# Braided solo loop



## Rostovchav

Hi everyone 
Is it really amazing Braided solo loop for $100? It’s quite expensive). But I think about it from October


----------



## mcmikey

I bought one off ebay for £5. It’s just the same as the apple one as far as I can tell.


----------



## BarracksSi

@DougFNJ has one and has showed it in one of his videos.


----------



## Wynd

I have one, and I like it. It keeps the watch snug on my wrist, and is stretchy in case my wrist gets a bit fat in the night. The edges of it are beautiful!


----------



## BarracksSi

Ok, finally got a good question about it --

Is it good for workouts like jogging, cardio/Zumba, and stuff like that? You know, where you're doing things like punching the air and a loose watch would be flopping around?

Or would a less-stretchy band like the standard Sport Band be better?


----------



## BSG75

I have both the braided solo loop and the silicone solo loop. I use the silicone loop for working out and the braided loop for everything else. If you get the right fit, the watch fits securely to your wrist, no flopping around.


----------



## DougFNJ

Here's the video review I did on both.

The key is to size it right. Both will stretch, so you want to go with the smaller size in the wrist fit to accommodate. I have 7 1/2 inch wrists. I have the Braided loop in size 9, and the Sport loop in size 10, and they both fit the same after stretch and usage.

You could use either for sports, but I'd go with the silicon for sports, and braided for casual. Both are great, and I recommend either.

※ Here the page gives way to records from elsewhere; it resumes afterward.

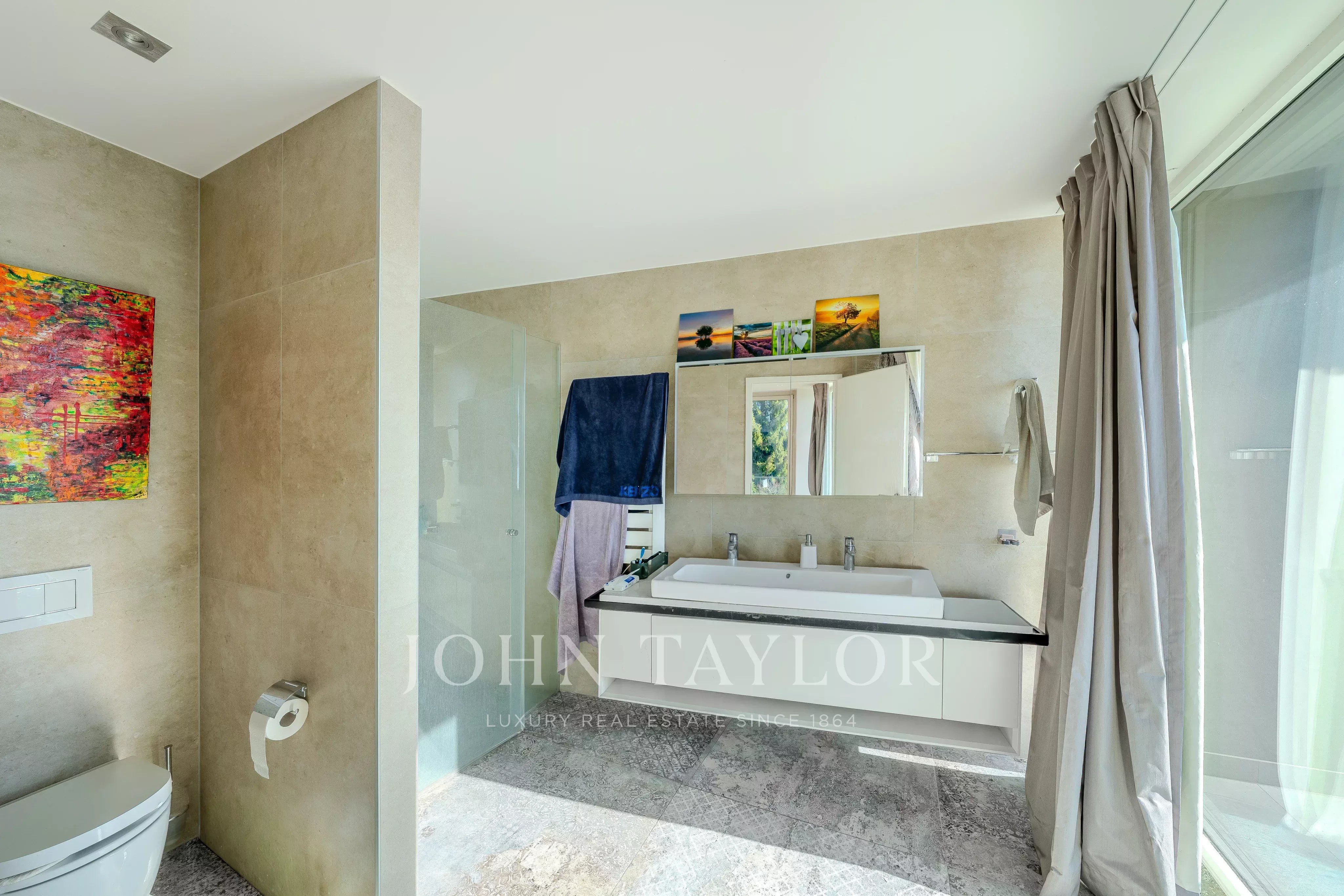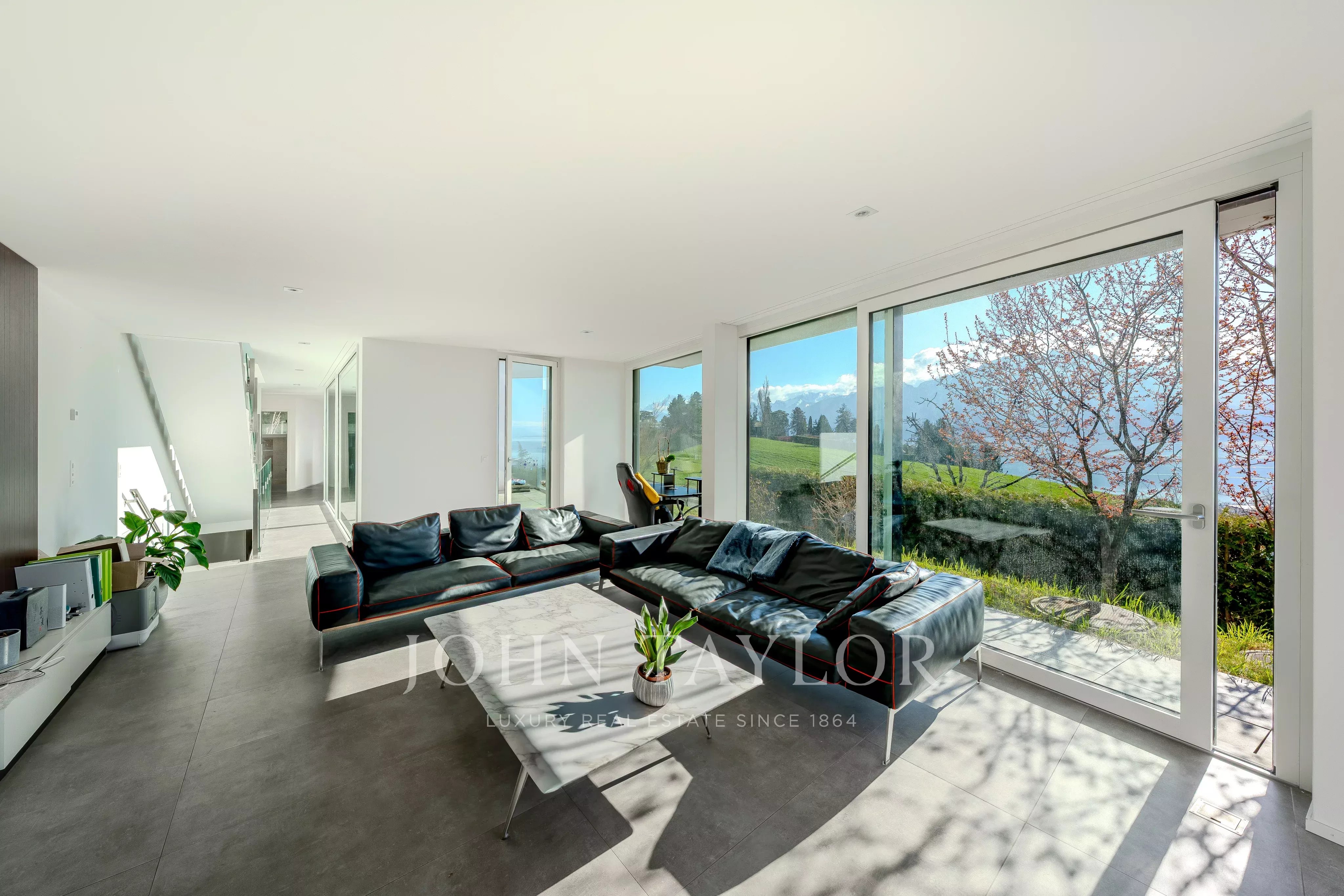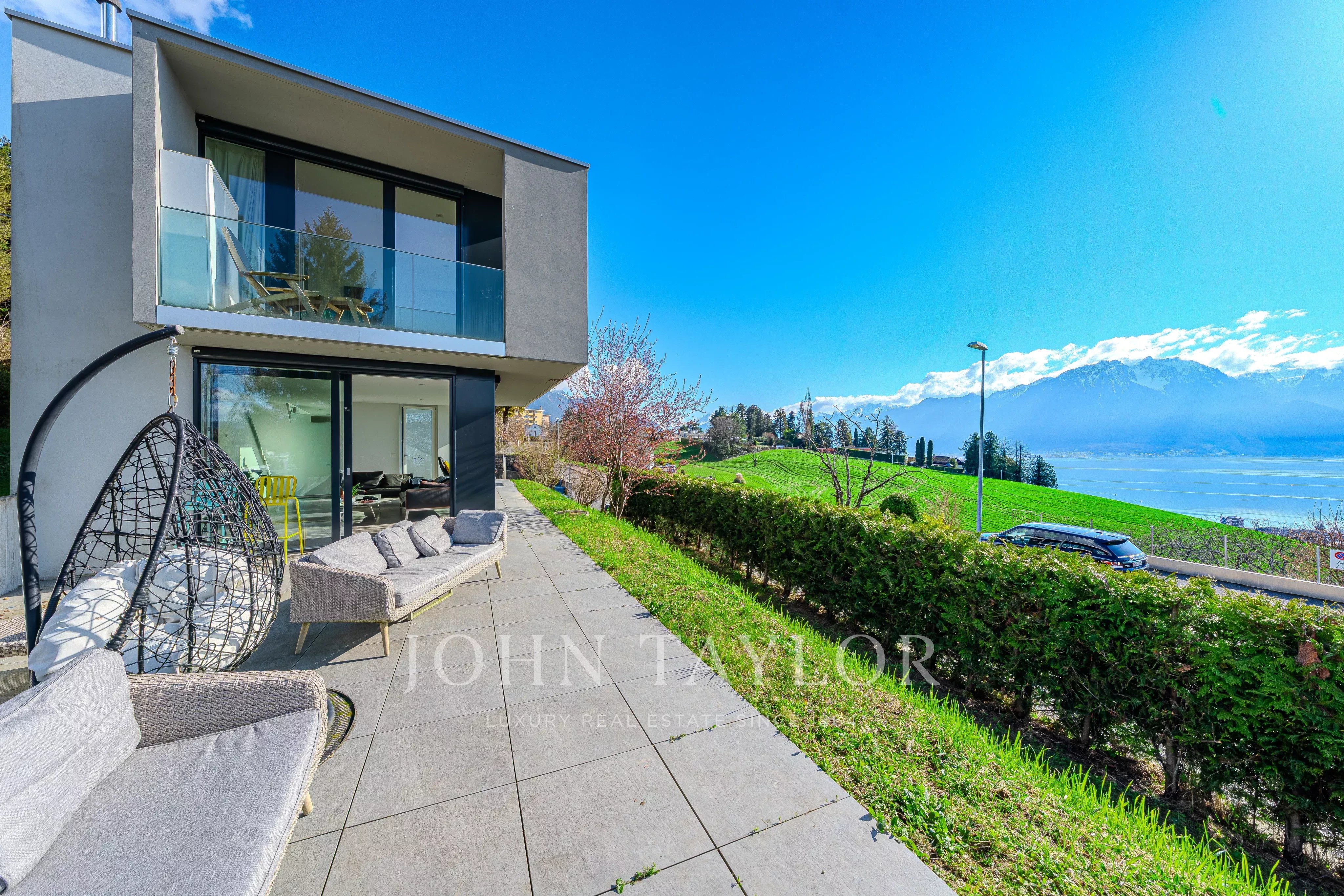 Située dans un environnement privilégié sur les hauteurs de Montreux, cette villa contemporaine construite en 2018 bénéficie d’une vue panoramique sur le lac Léman et les montagnes environnantes. Des travaux récents réalisés début 2026 ont permis d’optimiser certains espaces, offrant aujourd’hui une maison fonctionnelle et parfaitement adaptée à la vie familiale.
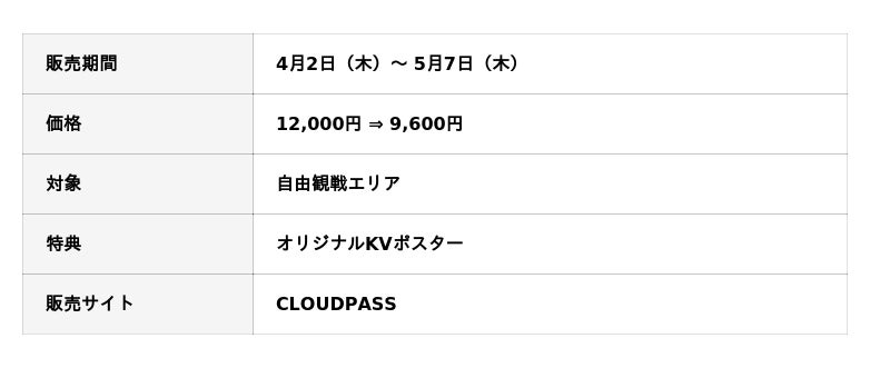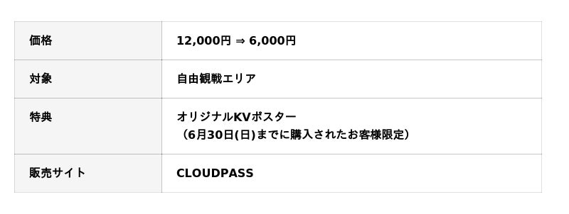 その他券種や詳細な販売スケジュールについては、下記チケットサイトをご確認ください。
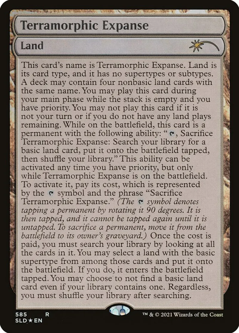 | Oracle Text | {{t}}, Sacrifice Terramorphic Expanse: Search your library for a basic land card, put it onto the battlefield tapped, then shuffle. | ||
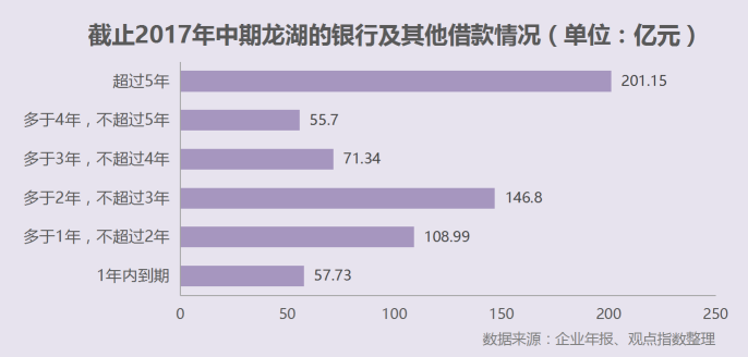 上述借款中,即將于一年內(nèi)到期的為57.73億元,一年后到期的款項為583.97億元,占總借款的大多數(shù),其中多于一年但不超過兩年的為109億元??偟膩碚f,龍湖的短期償債壓力并不大,長期債務(wù)分配也比較均勻。

Sent from my iPhone using Tapatalk


----------



## BarracksSi

In the vid, did you say that your braided loop is a size 10?


----------



## DougFNJ

BarracksSi said:


> In the vid, did you say that your braided loop is a size 10?


I had just gotten them when I did that video. I had went back to the Apple Store a couple weeks later, The braided stretched enough where it started flipping around a bit. Here's a photo of my size 9 green braided loop and size 10 sport loop.










Sent from my iPhone using Tapatalk


----------



## BarracksSi

DougFNJ said:


> I had just gotten them when I did that video. I had went back to the Apple Store a couple weeks later, The braided stretched enough where it started flipping around a bit. Here's a photo of my size 9 green braided loop and size 10 sport loop.
> 
> 
> 
> 
> 
> 
> 
> 
> 
> 
> Sent from my iPhone using Tapatalk


Cool, that's helpful info.


----------



## DougFNJ

When I swapped it out for the smaller size, they told me they had a lot of the same. 

The weird thing is, the reviews I had read mentioned the silicon would stretch, and the braided would go back to original size if you put it under water. That wasn’t my experience. 


Sent from my iPhone using Tapatalk


----------



## E.F. Schwerin

DougFNJ said:


> When I swapped it out for the smaller size, they told me they had a lot of the same.
> 
> The weird thing is, the reviews I had read mentioned the silicon would stretch, and the braided would go back to original size if you put it under water. That wasn't my experience.
> 
> Sent from my iPhone using Tapatalk


That matches my experience as well. I wore a size 7 braided solo loop band from November through early January and it did stretch enough that I called Apple who agreed to exchange it for a size 6. So far, I haven't noticed any stretch in the replacement band.

I just purchased a size 6 non-braided Solo Loop band and it seems to fit a bit snugger than the size 6 braided version. I have put them side by side on a flat surface and they are the same length. I find that the braided version is much easier to put on and take off. The non-braided version just curls around like a rubber band when slipping it over my hand.


----------